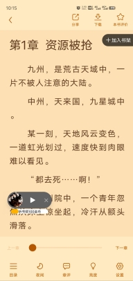 3、进入小说后,用户可以自己选择目录、亮度、夜间和设置等参数
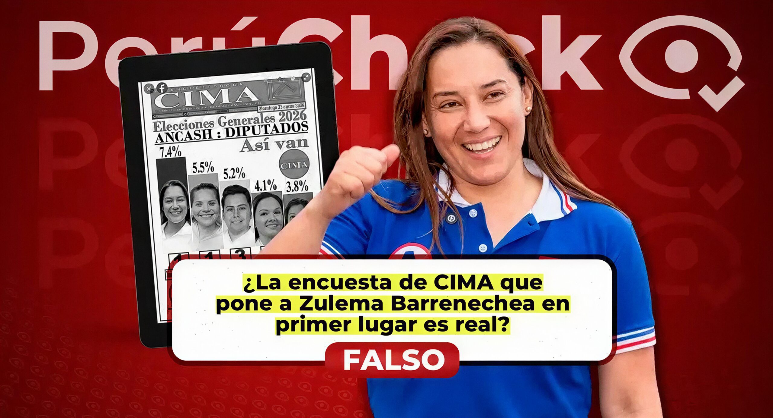 Sin embargo, la información difundida no coincide con el sondeo original publicado por CIMA el 25 de enero de 2026. En dicho sondeo, el primer lugar corresponde a Yuliana Meza, candidata de Renovación Popular, con 7.4%. Le siguen Maka Gamarra con 5.5%, Beto Ugarte con 5.2%, Zulema Barrenechea con 4.1% y Eunice Dextre con 3.8%.
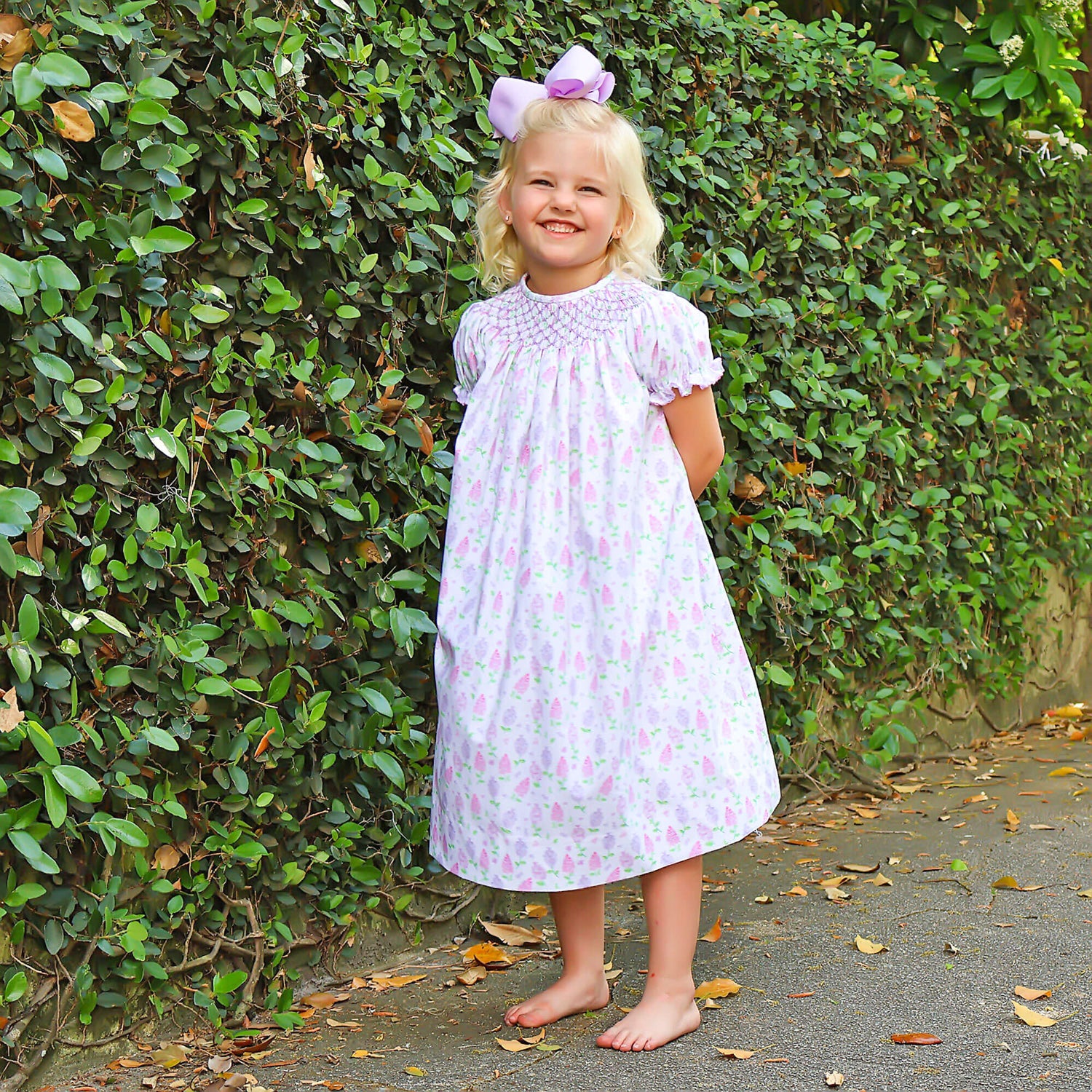 This Hydrangea Floral Lavender Smocked Bishop Dress is elegantly adorable for spring season! Featuring a charming pink and lavender print, exquisite geometric smocking, and bishop-style sleeves adorned with a lavender picot trim.

» **TASK DETAILS**:
Copy out, unchanged, the span of lines beginning with the one that includes "Sin embargo, la" and running through the final line of the material above. Leave the pictures out.

» **YOUR RESPONSE**:
 Sin embargo, la información difundida no coincide con el sondeo original publicado por CIMA el 25 de enero de 2026. En dicho sondeo, el primer lugar corresponde a Yuliana Meza, candidata de Renovación Popular, con 7.4%. Le siguen Maka Gamarra con 5.5%, Beto Ugarte con 5.2%, Zulema Barrenechea con 4.1% y Eunice Dextre con 3.8%.
 This Hydrangea Floral Lavender Smocked Bishop Dress is elegantly adorable for spring season! Featuring a charming pink and lavender print, exquisite geometric smocking, and bishop-style sleeves adorned with a lavender picot trim.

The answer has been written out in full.